A month ago GRReporter published an interview with Greek historian and professor at the Aristotle University of Thessaloniki Iakovos Michailidis on the camp in Trikeri. In Bulgaria, the major explorer of the historical period when these developments took place is rector of Sofia University "St. Kliment Ohridski" Prof. Ivan Ilchev. In his interview with GRReporter, he speaks not only about the events in Trikeri but also presents the overall picture of the Bulgarian-Greek relations in the early 20th century.

Professor Ivan Ilchev became Professor in Modern and Contemporary History of the Balkan Peoples in 1995, Dean of the Faculty of History in 2003 and he was elected Rector of Sofia University "St. Kliment Ohridski" in 2007. He was a guest-professor at several American universities and the University of Chiba in Japan. Professor Ilchev has written 13 monographs, 67 scientific articles and papers, 40 book reviews, more than 150 scientific and popular articles and scenarios of 17 popular science films.

Mr. Ilchev, what was the fate of the Bulgarian populations in Greece in the period from the disintegration of the Ottoman Empire until the end of World War I?

The Bulgarian populations fell within the Kingdom of Greece following the signing of the peace Treaty of Bucharest. At that time, the Kingdom of Greece included the areas around Kostur, Lerin, Ber, Voden (now Edessa) and parts of the Thessaloniki area that were populated mainly by Bulgarians. Unfortunately, the politics that the Greek government pursued was not significantly different from the politics followed by the majority of the Balkan governments. The Greek troops captured the Bulgarian churches even upon entering this territory and the priests had to recognize the authority of the Patriarchate. Those who disagreed were removed from their posts and they emigrated. The Bulgarian liturgical books were burnt. The Bulgarian church trustees were disbanded and the Bulgarian schools were closed down. Actually, there was an immediate ban on teaching in Bulgarian. This caused the beginning of a wave of refugees, which did not abate for decades.

At the same time, the Greek immigrants arriving from the lands of Ottoman Turkey began to settle in these lands and the process continued during World War I. Greece was not involved in the war for three years. It was one of the last countries that intervened in it in 1917, when the government of Northern Greece, headed by Elefterios Venizelos and supported by the Entente, took power in the country.

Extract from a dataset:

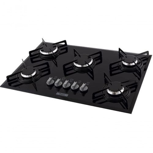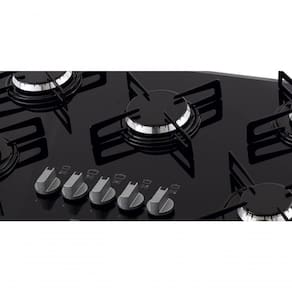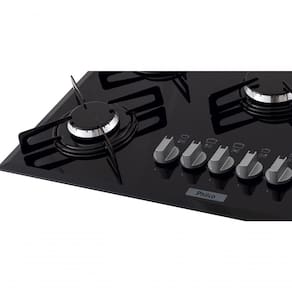 Cooktop a Gás Philco Cook Chef com 5 queimadores, sendo 2 rápidos (3000W) e 3 semirrápidos (1750W). Trempes em aço esmaltado, tampo em vidro temperado 8mm com acabamento bisotê e acendimento superautomático.Alimentação

Venizelos was one of the few Balkan political leaders who had a vision for the future. During the talks on the Balkan Union in 1911-1912, he insisted on predefining the future border between Bulgaria and Greece. He suggested that the border would pass along the lakes that are north of Thessaloniki. The Bulgarian delegates objected that this border would leave numerous Bulgarian populations in the area of Kostur, in Voden, under Greek rule. He replied that there would be many Bulgarians in the area but Bulgaria would add to its territory Eastern and Western Thrace

that was the home to numerous Greek populations. According to him, a gradual exchange of populations between the two countries could clear the process. His motives were not so altruistic. He actually wanted to have an ally or at least a neutral country behind him in a subsequent conflict with Turkey on the fate of Western Anatolia and Istanbul.

The disagreement with such a border on the part of the Bulgarian negotiators initiated the negotiations between Serbia and Greece that led to an alliance against Bulgaria. Therefore, to a considerable extent, Bulgaria itself is to blame for what happened in those years.

We can talk about two periods after World War I until 1923. The first period is from the end of the war to 1922, when the peace Treaty of Sevres gave Eastern Thrace to Greece, Western Thrace was temporarily under French control at first but actually, all knew that it would join Greece to provide the necessary corridor to Eastern Thrace and so it happened. Then the process that had started even during the Balkan wars spread to Western Thrace where the transfer of endless caravans of refugees from there to Bulgaria began.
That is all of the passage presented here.